Exercise objective:
The pictures in the listing below are to be skipped, while the lines between the line holding "Michael Kors Whitney" and the line holding "2月28日上午,山東省科學(xué)技術", inclusive, are to be output exactly.

Source data:
====
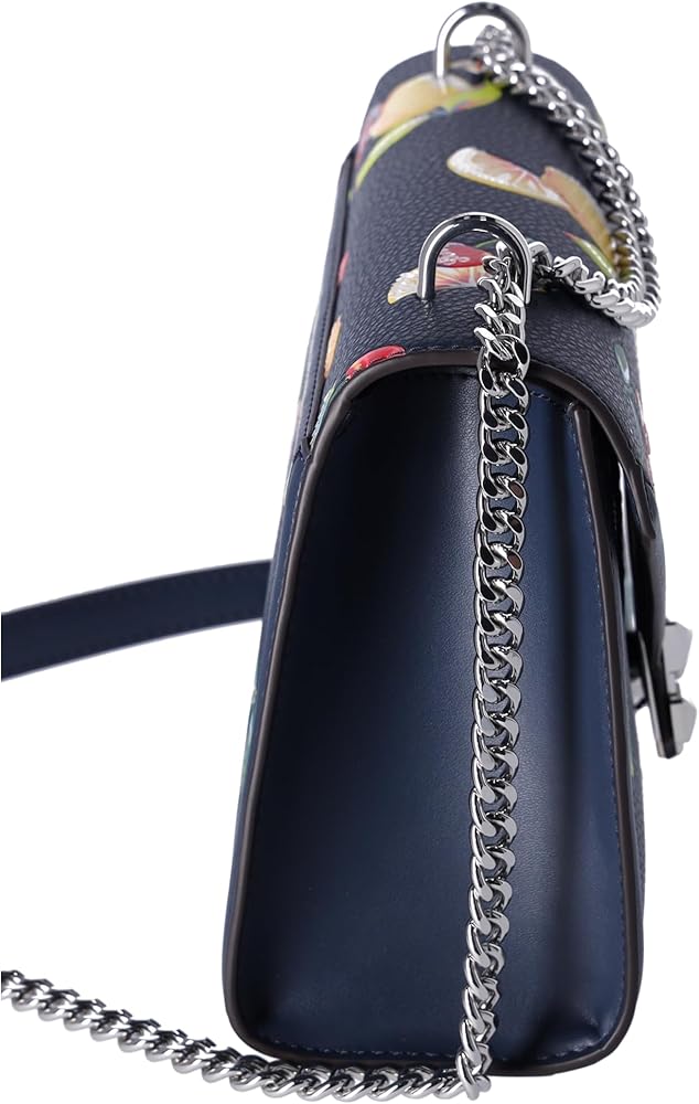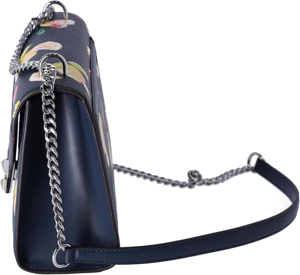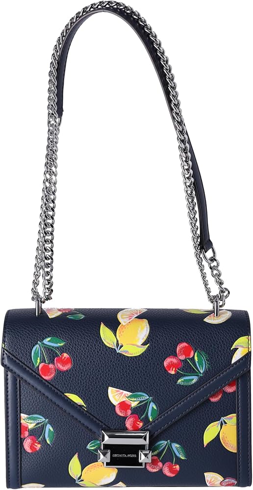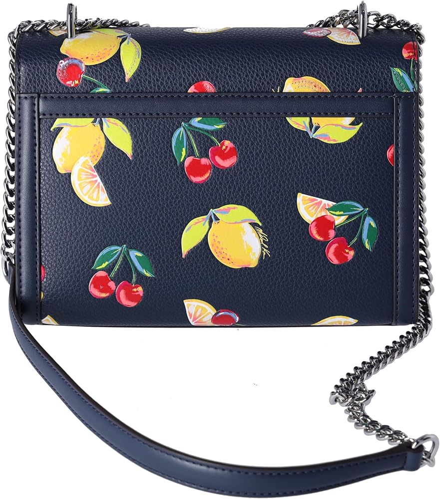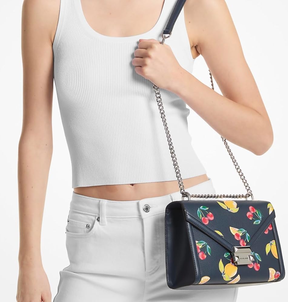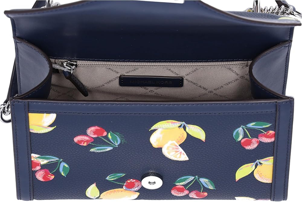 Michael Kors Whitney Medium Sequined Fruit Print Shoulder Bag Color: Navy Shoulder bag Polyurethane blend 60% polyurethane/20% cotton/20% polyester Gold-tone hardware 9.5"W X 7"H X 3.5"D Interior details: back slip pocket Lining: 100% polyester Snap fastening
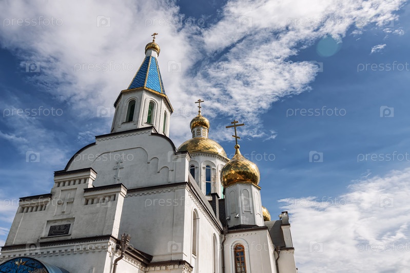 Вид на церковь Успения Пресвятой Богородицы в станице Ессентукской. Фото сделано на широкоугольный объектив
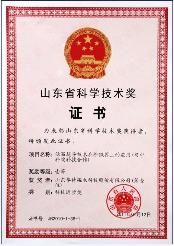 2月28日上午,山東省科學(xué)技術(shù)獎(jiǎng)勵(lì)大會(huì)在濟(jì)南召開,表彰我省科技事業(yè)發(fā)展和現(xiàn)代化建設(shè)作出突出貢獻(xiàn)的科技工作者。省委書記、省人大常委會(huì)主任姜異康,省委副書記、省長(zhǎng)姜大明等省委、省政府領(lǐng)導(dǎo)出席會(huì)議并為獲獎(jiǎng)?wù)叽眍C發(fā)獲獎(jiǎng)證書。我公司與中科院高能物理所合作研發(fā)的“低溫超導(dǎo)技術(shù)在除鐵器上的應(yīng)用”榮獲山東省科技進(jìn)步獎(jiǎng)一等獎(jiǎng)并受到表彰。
====
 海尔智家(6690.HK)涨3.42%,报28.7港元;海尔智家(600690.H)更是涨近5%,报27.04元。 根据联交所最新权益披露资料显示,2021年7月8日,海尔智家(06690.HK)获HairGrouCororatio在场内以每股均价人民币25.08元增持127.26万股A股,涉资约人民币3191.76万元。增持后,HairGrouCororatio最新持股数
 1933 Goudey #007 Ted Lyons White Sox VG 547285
====
Expected answer:
 Michael Kors Whitney Medium Sequined Fruit Print Shoulder Bag Color: Navy Shoulder bag Polyurethane blend 60% polyurethane/20% cotton/20% polyester Gold-tone hardware 9.5"W X 7"H X 3.5"D Interior details: back slip pocket Lining: 100% polyester Snap fastening
 Вид на церковь Успения Пресвятой Богородицы в станице Ессентукской. Фото сделано на широкоугольный объектив
 2月28日上午,山東省科學(xué)技術(shù)獎(jiǎng)勵(lì)大會(huì)在濟(jì)南召開,表彰我省科技事業(yè)發(fā)展和現(xiàn)代化建設(shè)作出突出貢獻(xiàn)的科技工作者。省委書記、省人大常委會(huì)主任姜異康,省委副書記、省長(zhǎng)姜大明等省委、省政府領(lǐng)導(dǎo)出席會(huì)議并為獲獎(jiǎng)?wù)叽眍C發(fā)獲獎(jiǎng)證書。我公司與中科院高能物理所合作研發(fā)的“低溫超導(dǎo)技術(shù)在除鐵器上的應(yīng)用”榮獲山東省科技進(jìn)步獎(jiǎng)一等獎(jiǎng)并受到表彰。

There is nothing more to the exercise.